Using the formula our regression spits out for using Whiff/Swing to predict K%, we can develop an "Expected K%" in very rough terms that is K%=.007502+(.85006*Whiff%). You can see the graph below for actual K% and Whiff/Swing% with the trend line that roughly denotes our "expected K%" or xK%.

Mlb-strikeout-rate-whiff-rate

Taking this one step further and using our (admittedly rough) xK%, we can identify some outliers. These are pitchers who may have been lucky or unlucky in turning their whiffs into strikeouts, or are possibly the grouping of pitchers who manage to change their K% around a particular whiff ability.

Name

K%

Whiff/Swing

xK%

Diff

Craig Kimbrel 50.20% 42.17% 36.60% 13.60%
Brad Lincoln 24.30% 14.45% 13.03% 11.27%
Jake McGee 34.40% 26.57% 23.34% 11.06%
Kenley Jansen 39.30% 32.85% 28.67% 10.63%
Tom Gorzelanny 20.30% 35.48% 30.91% 10.61%
David Robertson 32.70% 25.37% 22.32% 10.38%
Jason Grilli 36.90% 30.65% 26.80% 10.10%
Aroldis Chapman 44.20% 40.00% 34.75% 9.45%
Antonio Bastardo 36.20% 30.93% 27.04% 9.16%
Sean Doolittle 31.40% 25.78% 22.66% 8.74%
David Hernandez 35.30% 30.90% 27.02% 8.28%
Vicente Padilla 23.40% 17.85% 15.92% 7.48%
Ernesto Frieri 36.40% 33.22% 28.99% 7.41%
Casey Janssen 27.70% 23.10% 20.39% 7.31%

Not surprisingly, all of the pitchers here are relievers, given that their samples are smaller. The chart below is filtered for starters only.

Name

K%

Whiff/Swing

xK%

Diff

Mike Fiers 25.10% 20.68% 18.33% 6.77%
Cliff Lee 24.40% 20.73% 18.37% 6.03%
Stephen Strasburg 30.20% 27.88% 24.45% 5.75%
David Price 24.50% 21.39% 18.93% 5.57%
Marco Estrada 25.40% 23.08% 20.37% 5.03%
David Phelps 23.20% 20.92% 18.53% 4.67%
Travis Blackley 16.00% 23.26% 20.52% 4.52%
Derek Lowe 8.60% 14.39% 12.98% 4.38%
Vance Worley 18.10% 15.36% 13.81% 4.29%
Alex White 13.90% 20.47% 18.15% 4.25%
Max Scherzer 29.40% 28.71% 25.16% 4.24%

Takeaways

Our own Glenn DuPaul has had a lot of research of late on how simple K and BB-based ERA estimators (including his new predictive FIP), so it’s becoming more valuable to identify what goes in to striking batters out. The amount of swings that result in misses appears to be the best indicator for predicting strikeout performance (aka "dominance").

Items of Interest

*The highest Whiff/Swing rates belonged to Craig Kimbrel (42.17%) and Aroldis Chapman (40.00%), which is maybe the least surprising result of any study you'll read this year.

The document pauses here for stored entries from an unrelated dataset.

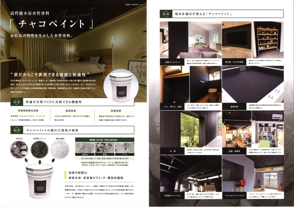炭をベースにした塗料だからこそできる、この質感・調湿性・防塵・抗菌性…。快適リフォームを目指すなら、ぜひ、この木炭水性塗料をお試しください (*^▽^*)ノ!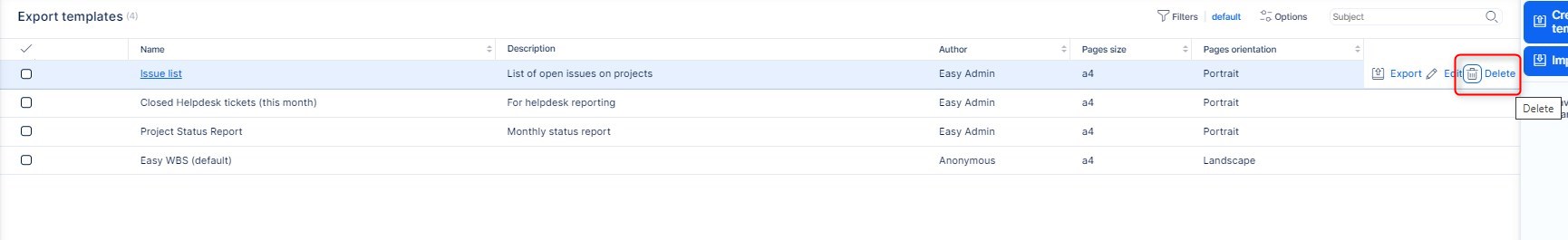 Pokud si přejete šablonu smazat, přejděte na přehled a vyberte možnost " smazat" přímo u vybrané šablony v seznamu.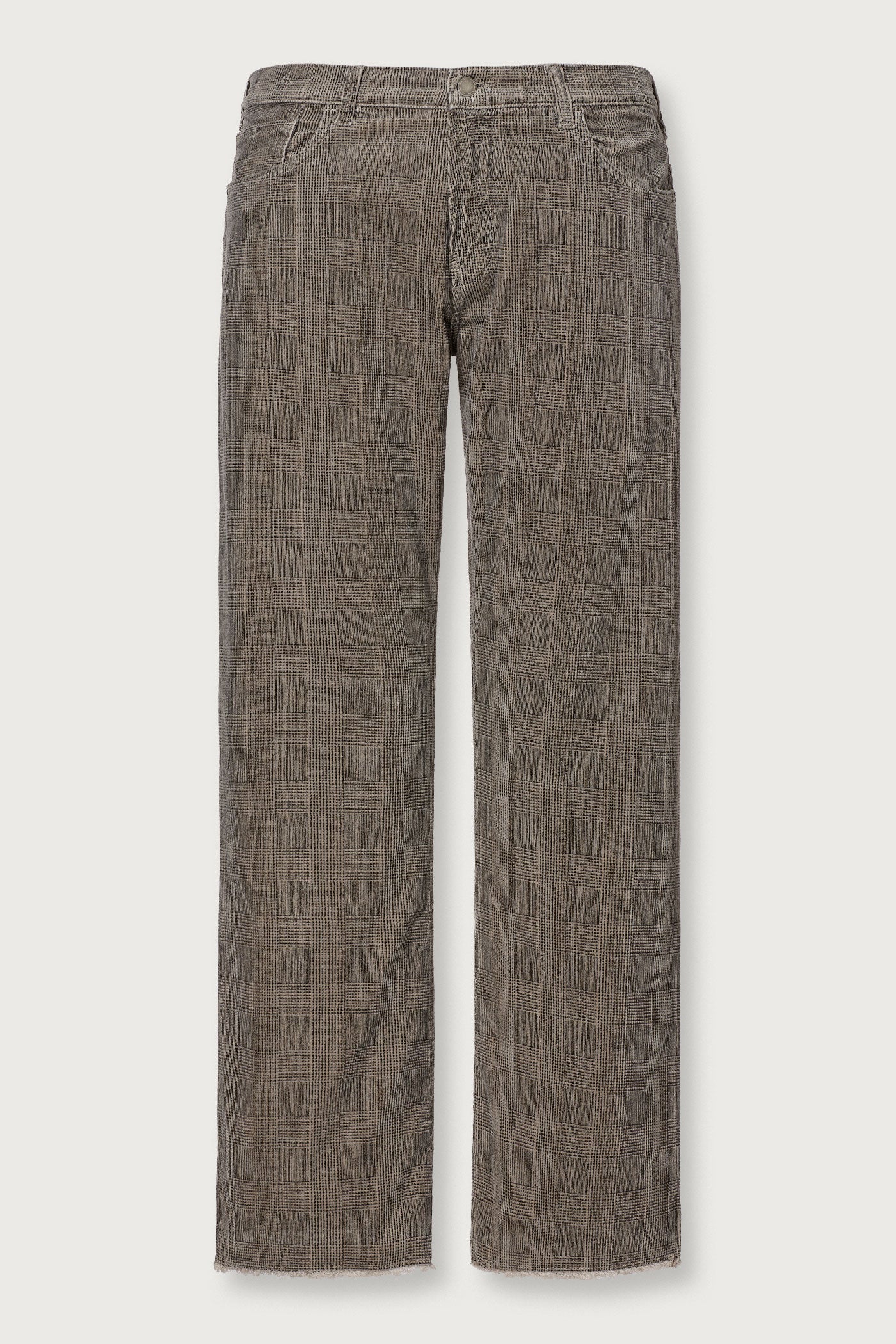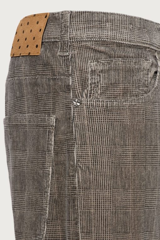 Loose-fit five-pocket boyfriend trousers, straight cut, ankle length with frayed hems. Made from comfort Prince of Wales velvet. Made in Italy.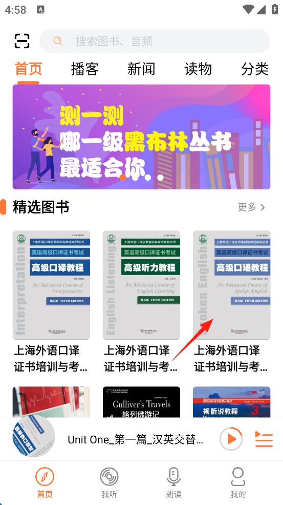 2、超全圖書資源,更涵蓋英語、德語、法語、西班牙語等八大語言類電臺。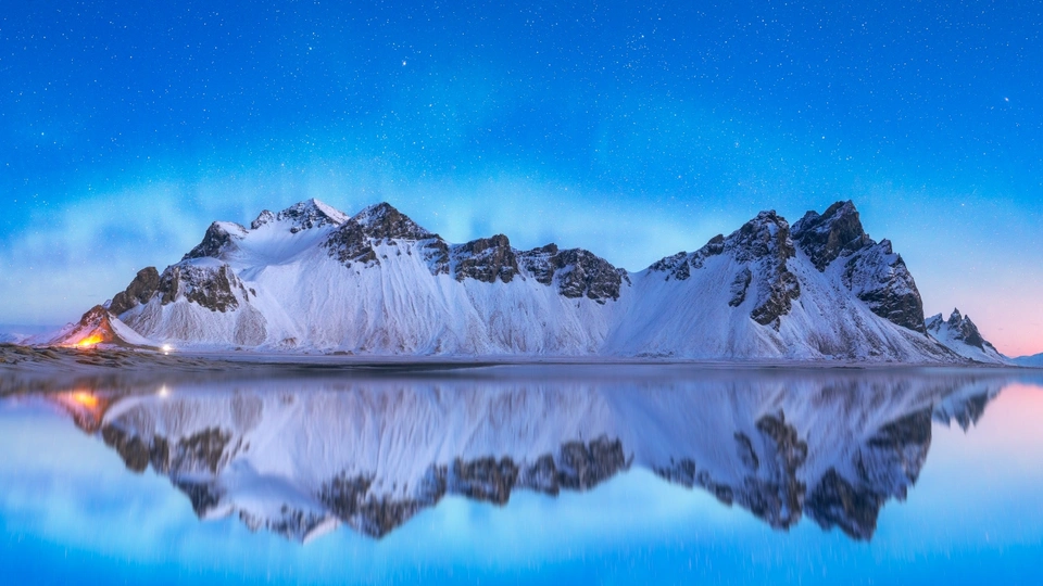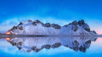 雪山极光倒影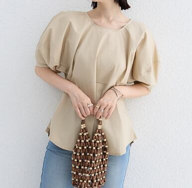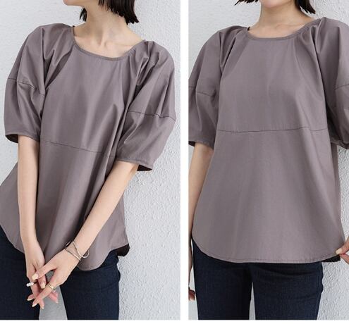 ブラウス レディース 半袖ブラウス パフスリーブブラウス 異素材ブラウス 切り替えブラウス 夏トップス レディーストップス ゆったりブラウス 体型カバートップス きれいめトップス 通勤ブラウス オフィスカジュアル 大人ブラウス シンプルブラウス ベージュブラウス グレーブラウス ブラックブラウス 春夏トップス レディースファッション デザイントップス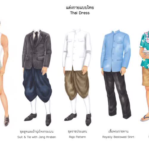 | คำสำคัญ : ชุดไทยผู้ชายแบบร่วมสมัย, ชุดราชปะแตน, clip art, มิวเซียมสยาม, ชุดสูทสามชิ้น, ชุดเสื้อพระราชทาน, การแต่งกาย, ชุดไทยประยุกต์สมัยรัชกาลที่ 5, Male Thai dress style, ชุดเครื่องแต่งกายไทย, สื่อเรียนรู้, เสื้อสงกรานต์, ชุดสูทและผ้านุ่งโจงกระเบน |

*The lowest Whiff/Swing rate belonged to Aaron Cook at 8.92%, making him the only pitcher below 11%. Basically with him, if you swing, you're Marco Scutaro in terms of contact ability.

*Tyler Chatwood, Bobby Parnell, and Ben Sheets are the poster boys for this formula, as each of their actual K% came within .05 of their xK%.

*While I had the data in front of me, I thought I'd look at how First Pitch Strike % matches up with BB%, and was surprised it had an R-squared of just .32. Overall Strike % actually only had a .56 R-squared value, so it seems there is no answer as obvious as "swing and miss" for BB%, which makes sense intuitively.